Chairman Levitt’s Address
Chairman Levitt’s address focused on the improvement of three critical areas necessary to
respond to investors’ needs: (1) investor education; (2) adequate communication to investors; and (3)
fund oversight and the role of directors. With respect to investor education, Levitt expressed concern
that the financial literacy of Americans has not kept pace with the growth of fund investments, which he
viewed as particularly troublesome because workers now are shouldering a significant portion of their
retirement planning through 401(k) plans and IRAs. Although Levitt praised the efforts of the Institute
and the mutual fund industry, he urged funds to do more to educate investors about how to safeguard
their financial future.
With respect to investor communication, Levitt called attention to the recent overhaul of the
mutual fund prospectus, the creation of the profile, and the Commission’s plain English initiative, but
expressed concern that some mutual funds may only make a few cosmetic changes to their prospectuses.
He also urged fund groups to look beyond their prospectuses in thinking of ways to communicate with
investors, and expressed concern that the industry may be building unrealistic expectations through
performance advertisements, noting that many ads seem to stress performance without outlining clearly
the impact of expenses or the nature of risks.
Finally, Chairman Levitt discussed the role of fund directors, and announced that the
Commission plans to host a roundtable this fall on fund governance, where investor advocates,
directors, fund managers, academics, and others will engage in a “lively exchange of ideas” to work
toward a consensus on whether changes are needed in the current system of governance.
Chairman Powell’s Report
Chairman Powell’s report focused on building investor knowledge and efforts to maintain
investor trust.

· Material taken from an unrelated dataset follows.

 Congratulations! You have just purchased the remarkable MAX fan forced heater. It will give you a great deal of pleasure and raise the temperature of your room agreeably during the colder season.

Powell stated that building investor knowledge is an important element in developing
realistic shareholder expectations and identified ways in which mutual funds could help build such
knowledge, including open and honest communication with shareholders about the risks, as well as the
rewards, of their investments, and educating shareholders about the importance of planning and saving
for secure retirements and other long-term goals. Powell also discussed challenges and opportunities for
mutual funds in the future. One example of the former he mentioned, was the possibility of mutual
funds becoming a target for unrelated programs and taxes, such as the Community Reinvestment Act
and other “success taxes.” Among the opportunities he noted were the ongoing discussions held by
Congressional leaders on Social Security reform.
President Fink’s Report
President Fink’s report stressed the importance of maintaining and strengthening widespread
public confidence in mutual fund investing and focused on ways to prevent the two greatest threats to
public confidence in mutual funds from becoming a reality: unrealistic investor expectations, and
mismanagement by one or more companies that potentially could harm the entire industry’s reputation.

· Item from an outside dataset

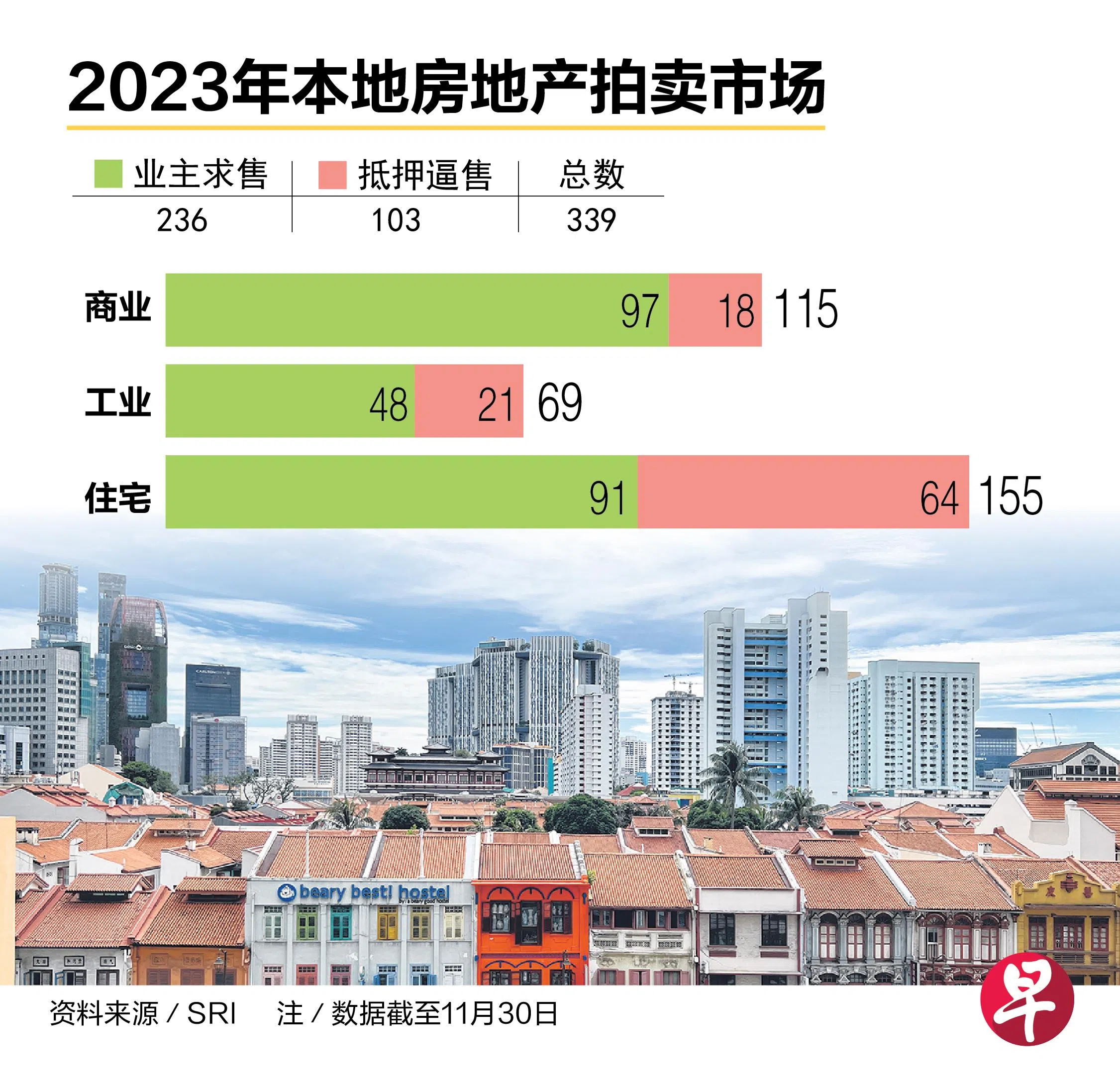 根据房地产公司SRI提供的数据,截至11月底(下同,今年)在拍卖市场求售的房地产中,103个属于抵押逼售(mortgagee sale),236个是业主求售(owner sale),拍卖底价总值超过12亿8000万元。

Regarding investor expectations, Fink identified the recent overhaul of the mutual fund
prospectus and the creation of the profile as government initiatives that can help investors form realistic
expectations. He noted that the Institute supports the Commission in its efforts to reform annual and
semi-annual reports. In addition, Fink urged other regulators to assist in the education effort including,
for example, the Department of Labor, regarding 401(k) plan disclosure, and Social Security reform.

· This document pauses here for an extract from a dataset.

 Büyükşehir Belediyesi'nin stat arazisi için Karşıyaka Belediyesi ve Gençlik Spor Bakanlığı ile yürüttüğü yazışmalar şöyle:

Regarding the threat of mismanagement, Fink commented that the stringent prohibitions of the
Investment Company Act of 1940 have been instrumental in allowing the industry to avoid the problems
that have beset other financial industries. While emphasizing the Institute’s support for government
proposals that would tighten regulatory standards, Fink stressed the importance of opposing proposals
that would displace Commission regulation, and thus weaken investor protections, such as imposing the
Community Reinvestment Act on mutual funds.